We have heard Shri D.D. Vyas, learned counsel for the applicant and Shri Subhash Samvatsar, learned counsel for the non-applicant.
The AO makes assessment of net wealth of the assessee and determines the amount of wealth-tax payable by the same in terms of s. 16 of the Act. Reference could be made to Valuation Officer under s. 16A of the Act for the purpose of making an assessment under the Act. Under s. 17, the AO may reassess the net wealth if he has reason to believe that net wealth chargeable to tax has escaped assessment for that year.
In the instant case, the assessment was completed under s. 16 of the Act. Reference was not made to the Valuation Officer under s. 16A of the Act for the purpose of making the assessment. After completion of the assessment, the AO referred the matter to the Valuation Officer. On the basis of the report, he formed the opinion and held that he has reason to believe that the net wealth chargeable to tax has escaped assessment. He, therefore, issued notice under s. 17 of the Act. The assessee questioned the validity of the proceeding. The CWT(A), however, rejected the contention and upheld the order of the WTO. The Tribunal, however, vacated the order and held that the proceedings were without jurisdiction.
6. The Tribunal held that no reference could be made after completion of original assessment.

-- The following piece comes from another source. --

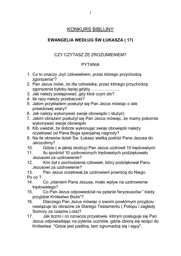 1 KONKURS BIBLIJNY EWANGELIA WEDŁUG ŚW ŁUKASZA ( 17) CZY CZYTASZ ZE ZROZUMIENIEM? PYTANIA 1. Co to znaczy „być człowiekiem, przez którego przychodzą zgorszenia”? 2. Pan Jezus mówi, że dla człowieka, przez którego przychodzą zgorszenia byłoby lepiej gdyby ……………….. 3. Jak należy postępować, gdy ktoś czyni zło? 4. Ile razy należy przebaczać? 5. Jakim przykładem posłużył się Pan Jezus mówiąc o sile prawdziwej wiary? 6. Jak należy wykonywać swoje obowiązki ( służyć) 7. Jakim obrazem posłużył się Pan Jezus mówiąc, że mamy pokornie wykonywać swoje obowiązki 8. Kto uważał, że dobrze wykonując swoje obowiązki należy oczekiwać od Pana Boga specjalnej nagrody? 9. Na ile okresów dzieli Św. Łukasz wielką podróż Pana Jezusa do Jerozolimy? 10. Gdzie ( w jakiej okolicy) Pan Jezus uzdrowił 10 trędowatych 11. Ilu spośród 10 uzdrowionych trędowatych podziękowało Jezusowi za uzdrowienie? 12. Kim był z pochodzenia człowiek, który podziękował Panu Jezusowi za uzdrowienie? 13. Pan Jezus oczekiwał,że uzdrowieni powrócą do Niego. Po co ? 14. Co ,zdaniem Pana Jezusa, miało wpływ na uzdrowienie trędowatego? 15. Co Pan Jezus odpowiedział na pytanie faryzeuszów:” kiedy przyjdzie Królestwo Boże”? 16. Dlaczego Pan Jezus mówiąc o swoim powtórnym przyjściu nawiązuje do obrazów ze Starego Testamentu ( Potopu i zagłady Somory za czasów Lota)? 17. Jak brzmi i co oznacza przysłowie, którym posługuje się Pan Jezus odpowiadając na pytania uczniów, gdzie zbiorą się wzięci do Królestwa "Gdzie jest padlina, tam zgromadzą się i sępy". 2 KONKURS BIBLIJNY EWANGELIA WEDŁUG ŚW ŁUKASZA ( Łk 17) CZY CZYTASZ ZE ZROZUMIENIEM? KLUCZ DO ODPOWIEDZI 1. 2. 3. 4. 5. Publicznie czynić zło. Dawać zły przykład …Kamień młyński zawieszono mu u szyi i wrzucono go w morze należy zwrócić uwagę należy przebaczyć mu jeżeli żałuje popełnionego zła należy przebaczać zawsze ( 7 razy) Nieustannie ( 7 razy) Pan rzekł: "Gdybyście mieli wiarę jak ziarnko gorczycy, powiedzielibyście tej morwie: "Wyrwij się z korzeniem i przesadź się w morze!", a byłaby wam posłuszna. 6. Z pokorą 7. Obrazem nieużytecznych sług : „Kto z was, mając sługę, który orze lub pasie, powie mu, gdy on wróci z pola: "Pójdź i siądź do stołu?" Czy nie powie mu raczej: "Przygotuj mi wieczerzę, przepasz się i usługuj mi, aż zjem i napiję się, a potem ty będziesz jadł i pił?" Czy dziękuje słudze za to, że wykonał to, co mu polecono? Tak mówcie i wy, gdy uczynicie wszystko, co wam polecono: "Słudzy nieużyteczni jesteśmy; wykonaliśmy to, co powinniśmy wykonać"". 8. Faryzeusze 9. Trzy 10. Na pograniczu Galilei i Samarii 11. 1 12. Samarytaninem ( Samarytanie nie utrzymywali kontaktów z Żydami. Byli u Żydów w pogardzie) 13. By oddać chwałę Bogu. 14. Jego wiara 15. Królestwo Boże urzeczywistnia się w dwóch etapach Jest obecne teraz, nawet jeśli nie w formie dostrzegalnej i wymaga decyzji i zaangażowania 3 W pełni zrealizuje się wówczas, gdy Jezus – po męce- powróci w chwale „ w dniu Jego” 16. Przybycie Jezusa będzie nagłą niespodzianką dla ludzi bezmyślnych, przywiązanych do bogactw ( tak jak sąd Boży był zaskoczeniem dla ludzi w czasach Noego i Lota). Będzie to dzień zagłady dla każdego, kto będzie chciał zachować swoje życie, a dzień zbawienia dla każdego , kto „ umie je stracić” 17. "Gdzie jest padlina, tam zgromadzą się i sępy". Jak sępy zlatują się gromadnie na miejsce gdzie jest padlina, tak wybrani zbiorą się w jednej chwili wokół Syna Człowieczego ( Chrystusa)

7. Sec. 17 of the Act clearly stipulated that the power can be exercised if the AO has reason to believe that the net wealth chargeable to wealth-tax has escaped assessment. The material to form such a view must be available with the AO. In the instant case, no such material was available with the AO. In fact he referred the matter to the Valuation Officer to collect the material and then initiate proceedings. Such a procedure is not shown to be backed by any provision under the Act. The proceedings initiated by the WTO and upheld by the CWT(A) were manifastly vitiated on account of procedural impropriety.
8. In Parashuram Pottery Works Co. Ltd. vs. ITO 1977 CTR (SC) 11 : AIR 1977 SC 429, it is held as under : “At the same time, it must be borne in mind that the policy of law is that there must be a point of finality in all legal proceedings, that stale issue should not be reactivated beyond stage and that lapse of time must induce repose in and set at rest judicial and quasi-judicial controversies as it must in other spheres of human activity.”
9. Counsel for the applicant was unable to point out any error in the view taken by the Tribunal.
10. In view of the aforesaid legal position, we hold that the Tribunal is correct in holding that reference by the WTO to the Valuation Officer as to the properties after completion of assessment, was bad in law and as such, the report of the Officer could not become the basis of furnishing reason to believe that net wealth chargeable to tax has escaped assessment.
11. In the result, we answer the question in the affirmative, i.e., in favour of the assessee and against the Revenue.
12. We, however, make no order as to costs. Counsel fee for each side shall, however, be Rs. 750, if certified.